Write again exactly the lines in the listing below, starting at the line with "媒体记者还共同见证了由该站联" and ending at the line with "据IT之家此前报谈,一款型号", both included. Pictures are not copied.

─── ENTRIES SUPPLIED ───

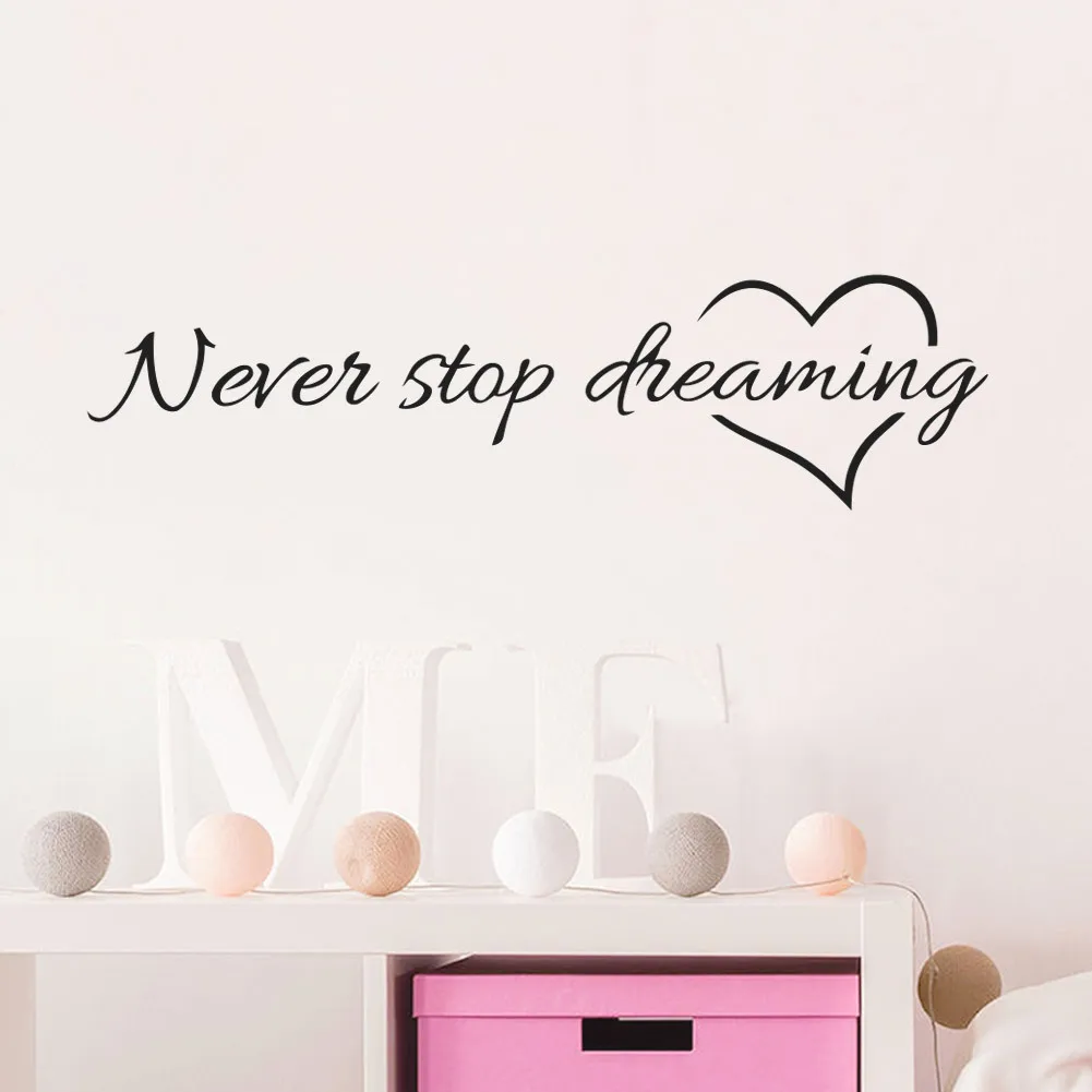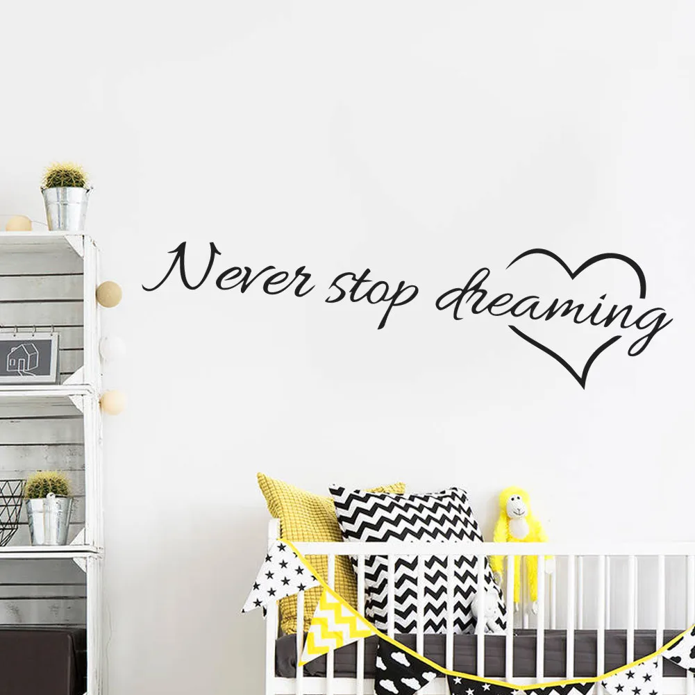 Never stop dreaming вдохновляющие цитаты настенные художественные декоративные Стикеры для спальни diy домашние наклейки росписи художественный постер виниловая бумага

───
─── ENTRIES SUPPLIED ───

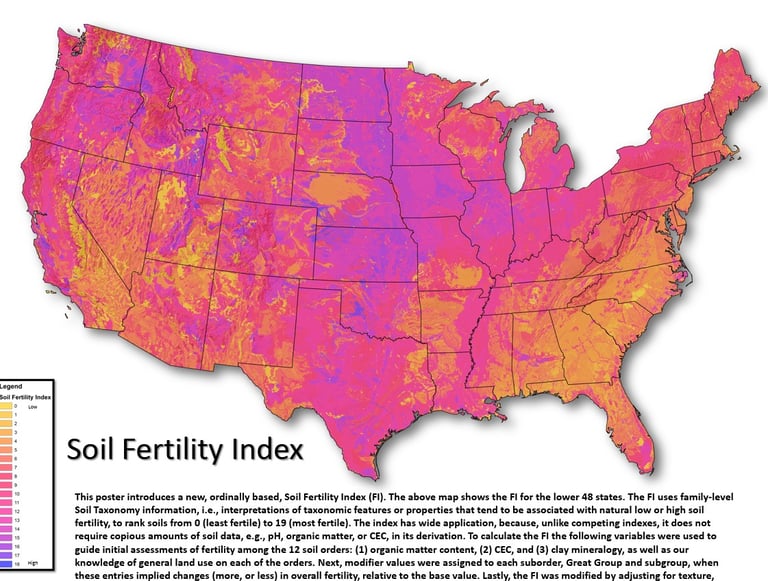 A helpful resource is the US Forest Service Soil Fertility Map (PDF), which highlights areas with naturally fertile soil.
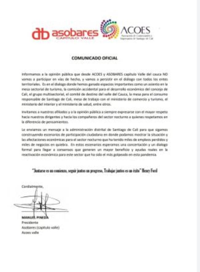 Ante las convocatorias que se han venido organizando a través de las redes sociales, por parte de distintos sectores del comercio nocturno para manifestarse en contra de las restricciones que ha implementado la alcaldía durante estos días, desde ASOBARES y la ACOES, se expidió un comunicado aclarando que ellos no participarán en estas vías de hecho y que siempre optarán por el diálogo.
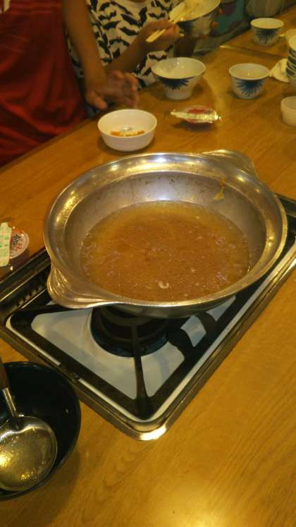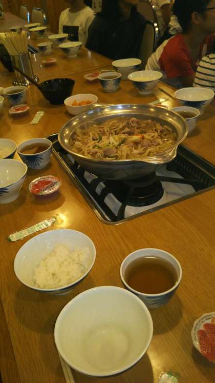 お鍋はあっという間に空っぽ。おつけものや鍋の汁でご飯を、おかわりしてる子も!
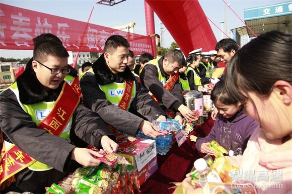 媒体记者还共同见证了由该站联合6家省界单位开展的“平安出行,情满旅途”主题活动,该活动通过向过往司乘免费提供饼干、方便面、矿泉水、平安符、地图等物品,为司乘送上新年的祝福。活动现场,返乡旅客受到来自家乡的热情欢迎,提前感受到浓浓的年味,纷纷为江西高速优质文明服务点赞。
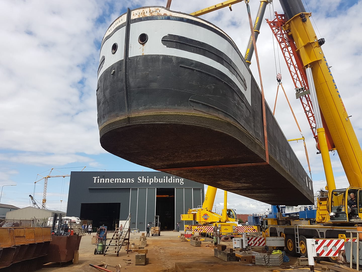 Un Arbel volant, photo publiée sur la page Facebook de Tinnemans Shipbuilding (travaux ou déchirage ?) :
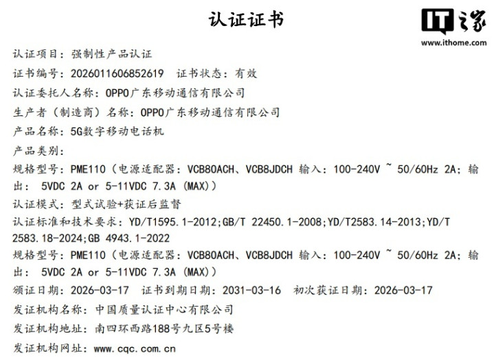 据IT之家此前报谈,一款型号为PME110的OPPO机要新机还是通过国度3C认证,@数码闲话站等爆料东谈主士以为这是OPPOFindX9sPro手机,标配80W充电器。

───

▶ **FINISHED EXERCISE**:
 媒体记者还共同见证了由该站联合6家省界单位开展的“平安出行,情满旅途”主题活动,该活动通过向过往司乘免费提供饼干、方便面、矿泉水、平安符、地图等物品,为司乘送上新年的祝福。活动现场,返乡旅客受到来自家乡的热情欢迎,提前感受到浓浓的年味,纷纷为江西高速优质文明服务点赞。
 Un Arbel volant, photo publiée sur la page Facebook de Tinnemans Shipbuilding (travaux ou déchirage ?) :
 据IT之家此前报谈,一款型号为PME110的OPPO机要新机还是通过国度3C认证,@数码闲话站等爆料东谈主士以为这是OPPOFindX9sPro手机,标配80W充电器。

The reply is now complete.